Потом, уже накануне выписки из госпиталя, Легостаев пытался понять, почему не поездка к сыну на заставу, не фронт и даже не само ранение вызвали у него столь яростное желание снова взяться за кисть, а вот эта беспомощная, жалкая и страдальческая фигура Достоевского, стоящего в кандалах в метельной ночи. И наконец-то нашел ответ в простой, до невероятности простой мысли: он увидел в нем, Достоевском, то страдание, которое испытал сам. И удивительно: Достоевский вызывал в нем не жалость, а жажду творчества; что-то неизмеримо более сильное, властное и победное, чем страдание, увидел в этой страшной картине Легостаев.
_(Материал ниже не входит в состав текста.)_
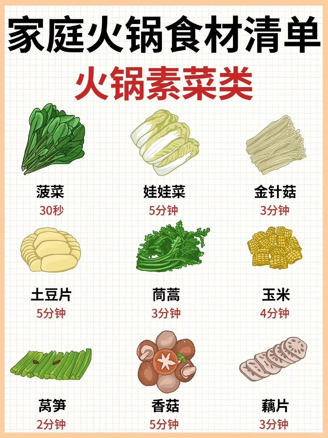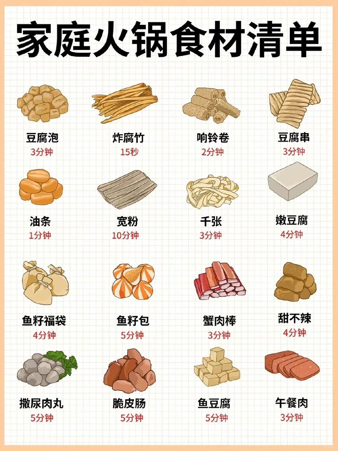 赶紧收藏这份清单,下次吃火锅再也不怕煮过头啦!你最喜欢涮什么食材呢?评论区告诉我吧!
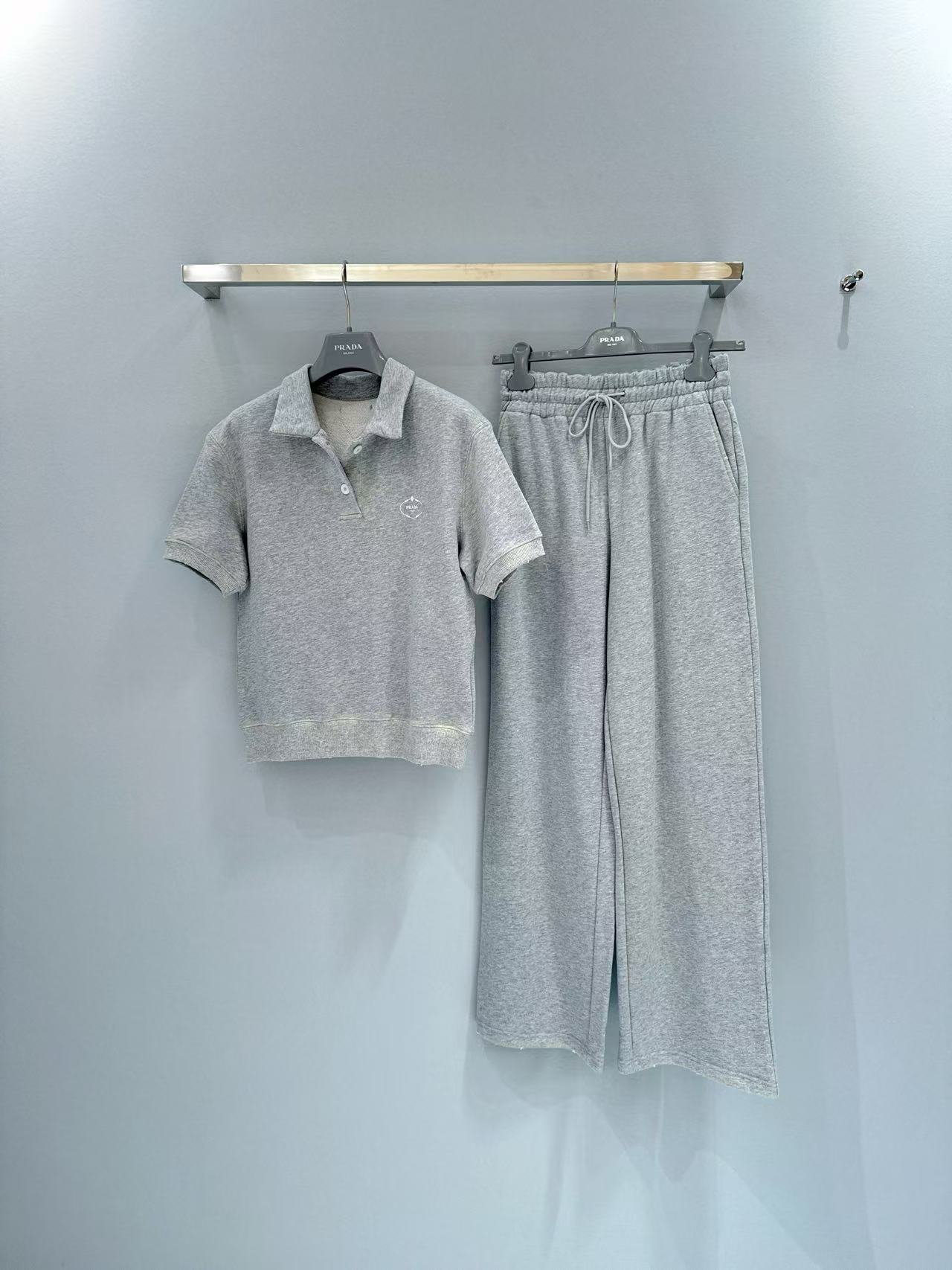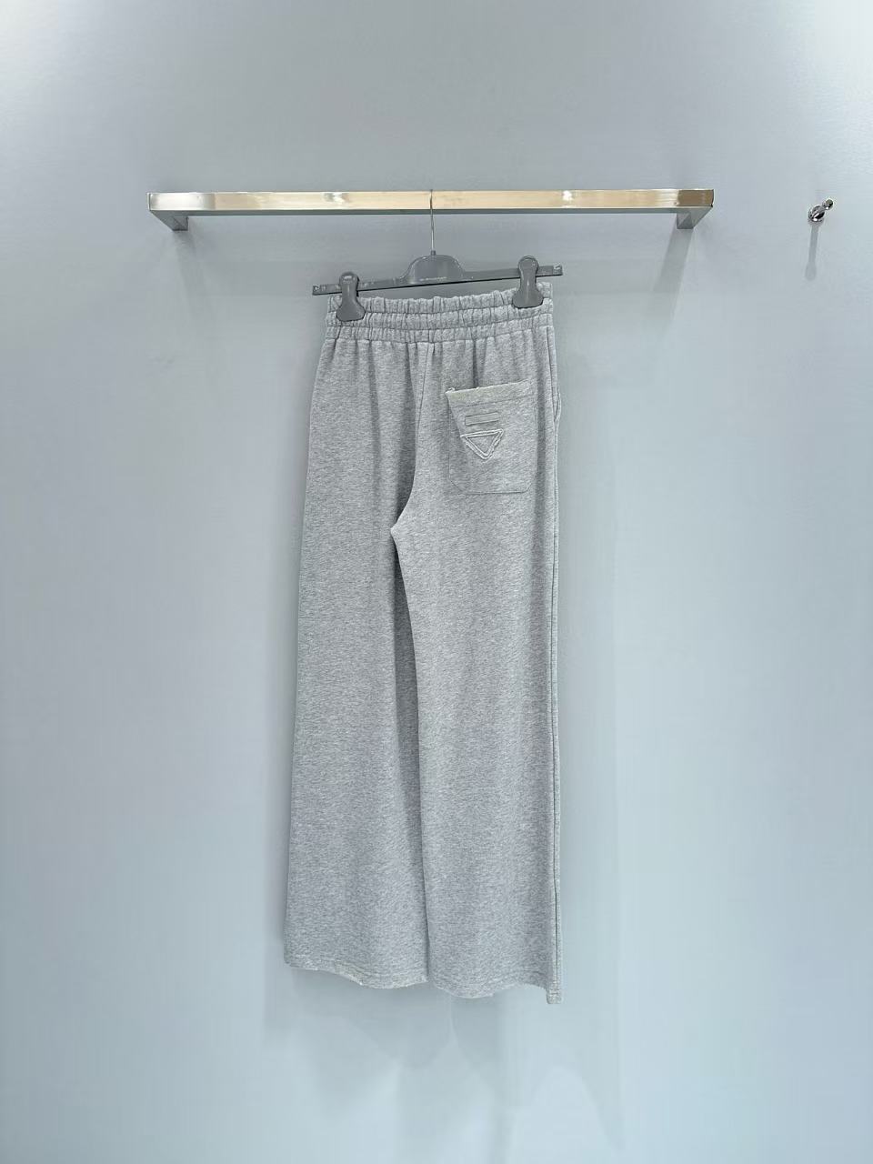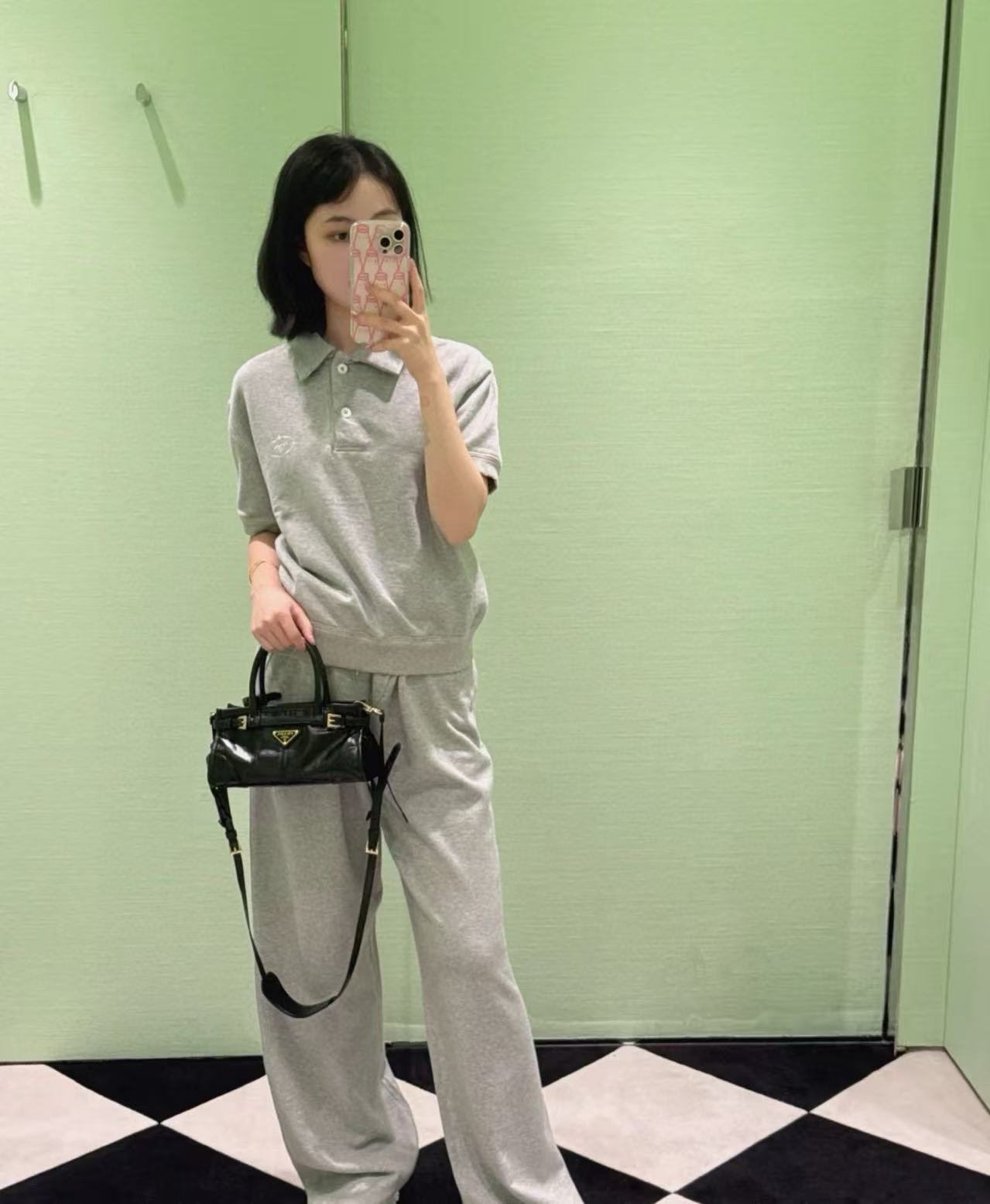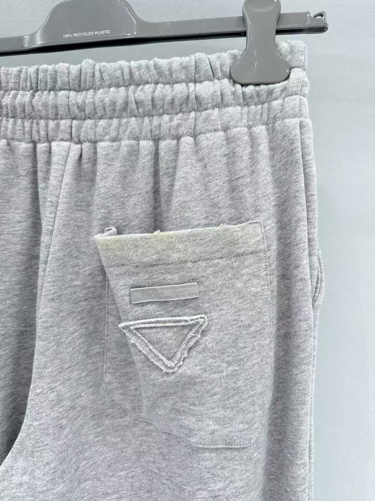 螺紋領口與袖口飾邊更添細節感,後領位置還有經典三角標識;褲子則在後口袋點綴標誌性三角標,設計低調卻很有辨識度。

Да, потом, после этой картины, он, Легостаев, создаст многое — будут и самолеты в небе Испании, и батарея на окраине Ясной Поляны, и прощание с сыном неподалеку от заставы — все это будет, а сейчас, когда снимут повязку и если хоть чуточку смогут различать краски глаза, — будут слезы Федора Достоевского — слезы России. Слезы, текущие из глаз человека, который и плачет и верит, и у слез этих что-то схожее с тем, как в голос кричат русские бабы, провожая мужей на фронт, как оплакивают и долго еще будут оплакивать погибших вдовы, как стонут раненые, как плачут дети, потерявшие матерей… Да, его, Легостаева, личное страдание и вера сольются на этом полотне со страданием и верой народа в суровый и беспощадный час войны!
Легостаев надолго сохранил в себе чувство благодарности к Тосе за то, что она, сама того не ведая и ни о чем не догадываясь, взяла из библиотеки первую же предложенную ей книгу, начала ее читать и открыла ему ту страничку, которая своей беспощадностью возвращала его к творчеству.
Ему до самозабвения захотелось рисовать, пусть карандашом, пусть на клочке бумаги. Предчувствие страха от того, что он давно не брал в руки карандаш и уже ничего не сможет создать, долго держал его в своих цепях, но он отважился. Тося послушно принесла ему шершавый листок газетной бумаги, который она долго берегла для письма брату на фронт, и Легостаев, ощутив в пальцах бумагу и огрызок карандаша, понял, что, если бы в этот миг с него сняли повязку и в глаза плеснуло бы зимнее, неяркое солнце, он создал бы на этом клочке бумаги вот этим огрызком карандаша такое чудо, какого еще не создавал.
Тося долго стояла возле него, стояла из чисто девичьего любопытства, ожидая, что́ он станет делать с карандашом и бумагой. Она думала, что Легостаев хочет написать письмо, и уже хотела было предложить ему свои услуги — записать под диктовку, но вдруг, пораженная, опустилась на табуретку.
Карандаш в пальцах Легостаева ожил, стремительно пронесся по бумаге, и неожиданно, как в сказке, на этой бумаге появились штрихи, линии, завитушки, вначале вроде бы совершенно беспорядочные, случайные и бессвязные. Но минута-другая — и Тося ахнула, всплеснув пухлыми руками и прижав ладони к груди: на листе возникало, приобретая все более ясные и отчетливые очертания, лицо девушки, казалось бы, вовсе не знакомой Тосе. Но вот еще несколько штрихов, и Тося уже не смогла сдержать восхищения: с листа бумаги на нее, Тосю, смотрела она сама!
— Нет, не верю, не верю! — с изумленной радостью прошептала Тося. — Афанасий Клементьевич, вы же меня ни разу не видели…
Легостаев молча протянул ей листок. Федор изумленно свесился к нему с соседней койки. Вся палата пришла в движение, раненые возбужденно тянули руки к листку.
— И мне покажите…
— Сестричка, дай взглянуть!
Если бы они могли, то вскочили бы на ноги. Листок как птица полетел из рук в руки. И всех, кто смотрел на него, удивляло не столько то, что девушка, нарисованная Легостаевым, была похожа на Тосю, как то, что незрячий человек мог рисовать.
— Вы же меня не видели! — снова повторила Тося.
— А я — волшебник, — улыбнулся Легостаев.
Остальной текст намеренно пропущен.